Activity: From the data below, return the exact lines starting at the line containing "2019年度湖北省園林綠化優(yōu)質(zhì)工程" and ending at the line containing "Effortlessly chic and", both included, and nothing else.

Records supplied:
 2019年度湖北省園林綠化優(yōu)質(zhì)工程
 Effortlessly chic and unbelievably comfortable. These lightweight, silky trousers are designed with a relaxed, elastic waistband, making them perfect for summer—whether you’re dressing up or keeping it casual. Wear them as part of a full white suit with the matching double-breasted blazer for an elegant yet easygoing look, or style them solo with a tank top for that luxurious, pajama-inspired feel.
---
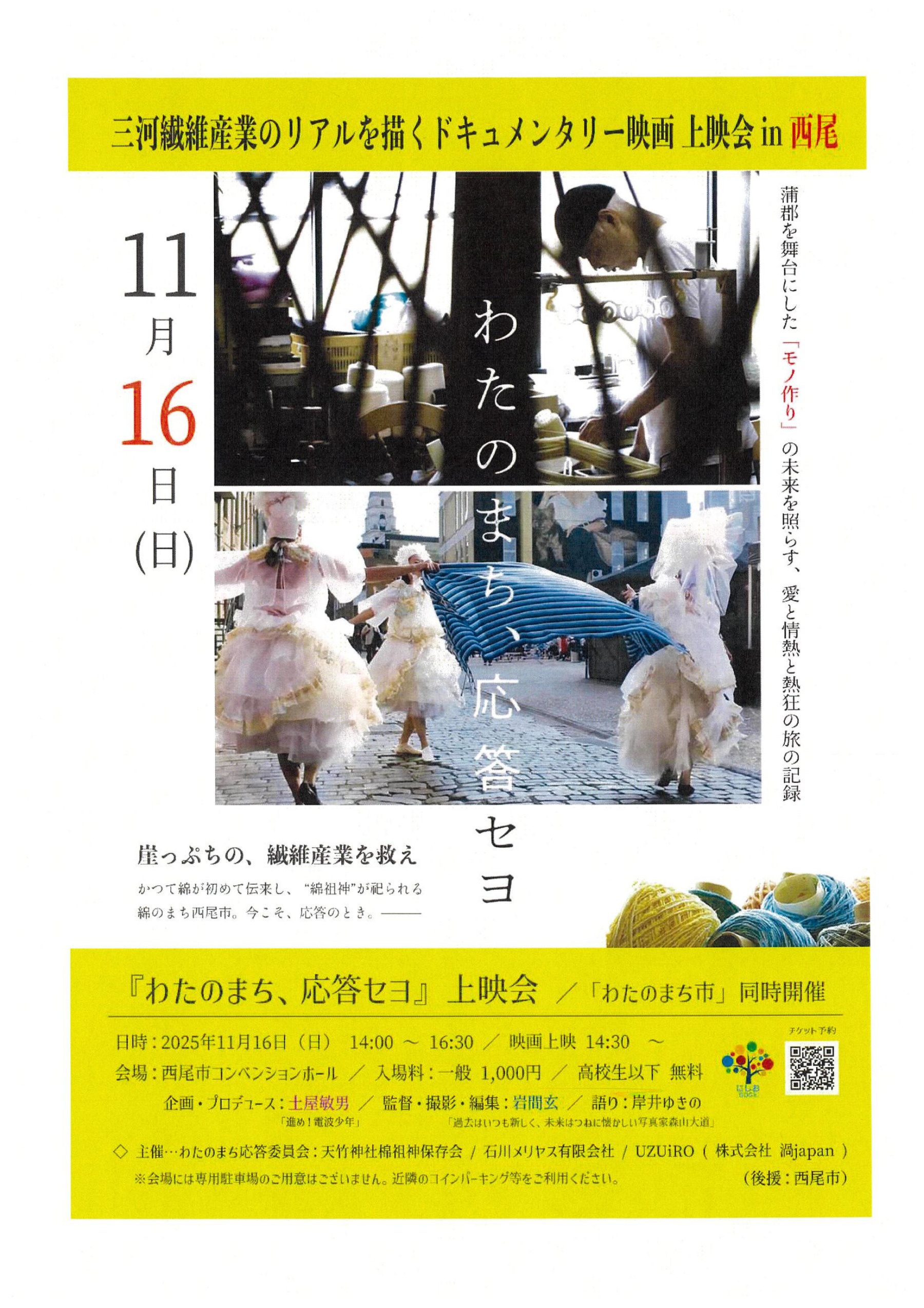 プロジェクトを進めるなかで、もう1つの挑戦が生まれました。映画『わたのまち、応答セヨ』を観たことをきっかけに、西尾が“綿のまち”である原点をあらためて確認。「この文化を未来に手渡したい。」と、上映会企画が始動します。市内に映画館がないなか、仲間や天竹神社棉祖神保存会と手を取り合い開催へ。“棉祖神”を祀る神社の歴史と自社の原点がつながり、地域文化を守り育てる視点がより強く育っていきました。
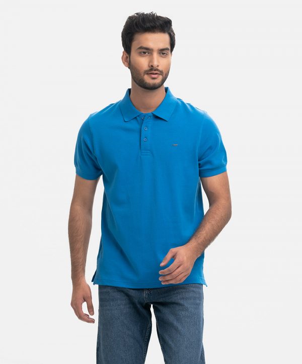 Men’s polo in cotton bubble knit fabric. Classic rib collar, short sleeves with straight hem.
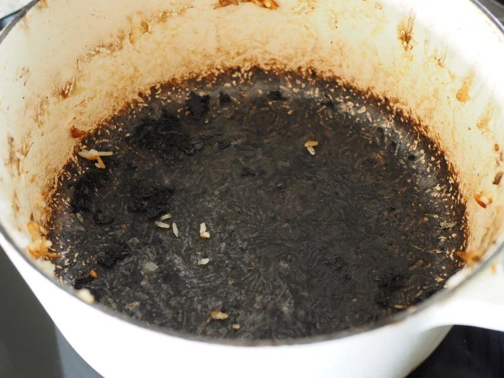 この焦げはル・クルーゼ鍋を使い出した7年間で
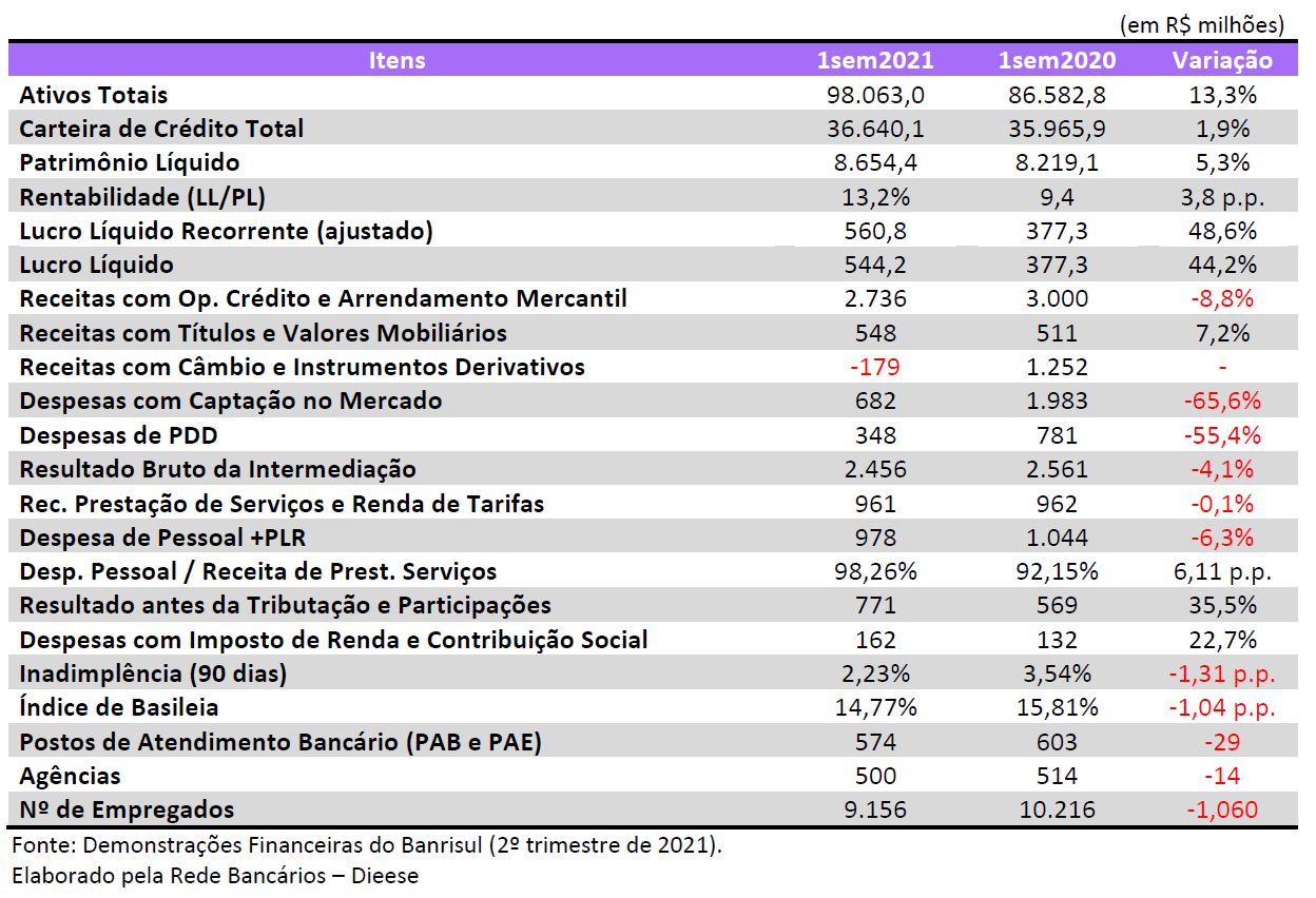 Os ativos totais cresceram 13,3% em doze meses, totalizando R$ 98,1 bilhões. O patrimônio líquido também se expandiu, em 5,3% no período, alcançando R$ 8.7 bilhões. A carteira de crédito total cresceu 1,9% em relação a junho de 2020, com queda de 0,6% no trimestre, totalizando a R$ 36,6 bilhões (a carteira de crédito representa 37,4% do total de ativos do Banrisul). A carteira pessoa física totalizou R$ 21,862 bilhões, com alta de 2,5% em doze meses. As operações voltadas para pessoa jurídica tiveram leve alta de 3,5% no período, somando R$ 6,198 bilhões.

Response:
 2019年度湖北省園林綠化優(yōu)質(zhì)工程
 Effortlessly chic and unbelievably comfortable. These lightweight, silky trousers are designed with a relaxed, elastic waistband, making them perfect for summer—whether you’re dressing up or keeping it casual. Wear them as part of a full white suit with the matching double-breasted blazer for an elegant yet easygoing look, or style them solo with a tank top for that luxurious, pajama-inspired feel.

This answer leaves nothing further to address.